As part of the collaboration, Cboe plans to list cash-settled index options on FTSE’s indices – subject to regulatory approvals – which will target increased investor demand for exchange-traded derivatives to manage crypto exposure in a US-regulated trading environment.
“Our expanded relationship today mirrors that successful model of collaboration, combining Cboe’s unrivalled derivatives expertise with FTSE’s world-class indexing capabilities to potentially bring new solutions to the digital assets space,” said Catherine Clay, global head of derivatives at Cboe.
“[…] As these two asset classes converge, we look forward to driving continued innovation and our relationship with FTSE Russell will be key to this strategy.”

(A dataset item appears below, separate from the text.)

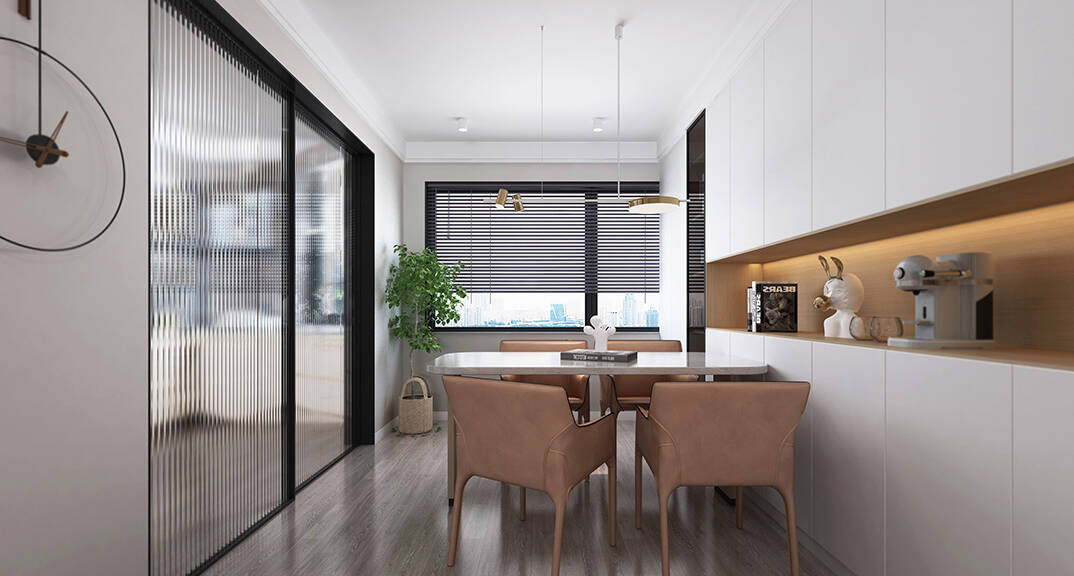 分色墻和弧形門洞設(shè)計(jì)自帶線條感拉伸空間層次。簡潔利落的硬裝設(shè)計(jì)使空間更具現(xiàn)代感。

The FTSE Bitcoin Index and FTSE Ethereum Index are part of the FTSE Digital Asset Indices series, developed in partnership with Digital Asset Research (DAR).
These indices capture the performance of bitcoin and ether, as determined by the FTSE DAR Reference Price, offering exposure to the digital asset market.
“We are delighted to continue working alongside Cboe Global Markets, realising our mutual commitment to enable new asset innovation in financial markets,” said Fiona Bassett, chief executive of FTSE Russell.
“Our indices are used by some of the largest crypto asset managers in the world for their best-in-class data and processes built to manage regulatory and trading risk – critical differentiators for the data in this asset class.”
Cboe added in a statement that it plans to share more details about its intentions for cash-settled index options on the FTSE Bitcoin Index and the FTSE Ethereum Index potentially later this year.